Sus pasos corrompen el silencio nocturno. Sombras de la noche, leales y obedientes, la protegen. Con la música, a lo lejos resuenan los bombazos de la guerra; pero ella, ella es inmutable. Su caminar sereno impresiona al soldado frío o a cualquiera que se cruce en el camino marcado.

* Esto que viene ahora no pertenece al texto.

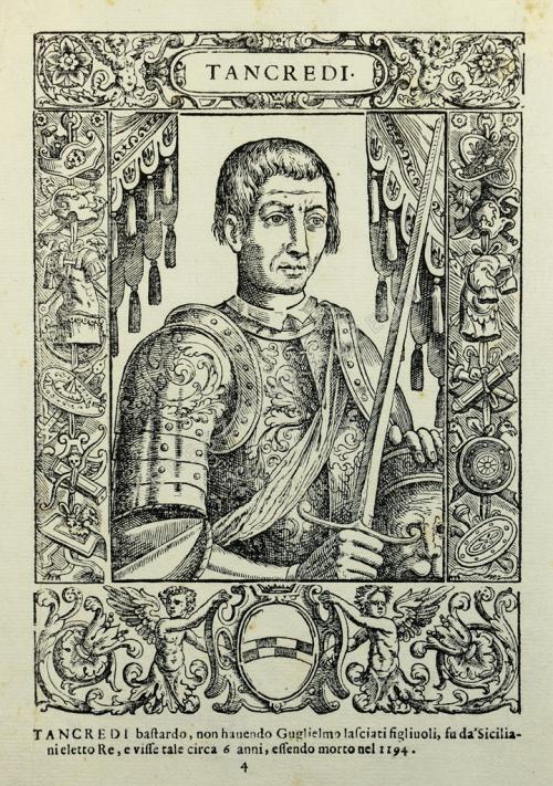 TANCREDI. Tancredi bastardo, non hauendo Guglielmo lasciati figliuoli, fu da' Siciliani eletto Re, e visse tale circa 6 anni, essendo morto nel 1194.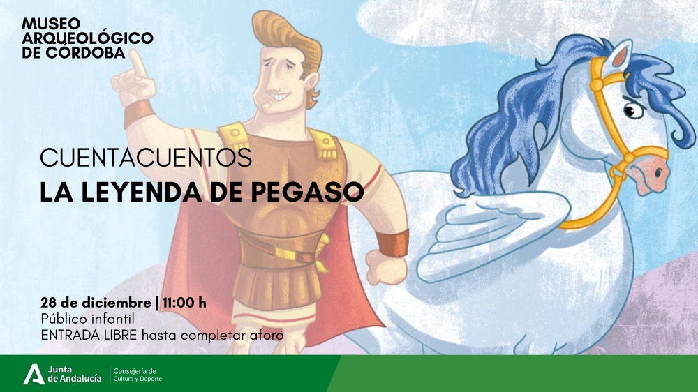 Esta claro que las actividades del Museo Arqueológico de Córdoba enriquecen y son multidisciplinares. En esta ocasión hablamos de cuentacuentos. El próximo día 28 el público infantil y el adulto que sigue saboreando la fantasía tienen cita con La Leyenda de Pegaso, pieza literaria ambientada en el propio museo y escrita por José Morales.

Avanza despacio, lleva consigo dolor, tortura, placer. Un deseo por la muerte áspero como el sabor del vino seco, ardiente como la hierba quemada que incinera los pulmones. Ahora acompaña a la sinfónica el golpeteo rápido de las ametralladoras. El bajo es representado por los zumbidos de cada obus que se proyecta, como prueba viva de las leyes de Newton, a través de un cañón tan negro como la desgracia.
Sin embargo, ella continúa con su procesión no importando quien perezca. Luces infernales iluminan el campo que la rodea. Gritos encabezan el coro, sangre la escenografía. Mantiene su paso andante, rítmico. Ahora, algo nuevo ocurre. De su bata sale el objeto divino: un pico de diamante. Filoso, grueso, fuerte. Brilla, brilla tanto que resulta casi imposible observar su cuerpo con claridad.
La lluvia asesina apunta su ubicación. Ella golpea, golpea determinante un muro cristalino. Ataca la pared que priva sus libertades, que priva su amor. Daña con entusiasmo una lámina transparente. El calor del plomo perfora su cuerpo. La vacía. La deja morir en las aguas del río imponente.
Es "la mexicana" quien yace en el piso muerta, humillada por una línea inexistente que nunca pudo atravezar. Sombras de la noche, leales y obedientes, esperan la próxima caída del sol para verla reaparecer. Para cubrir los cielos mientras ella derriba la lápida capitalista de los migrantes.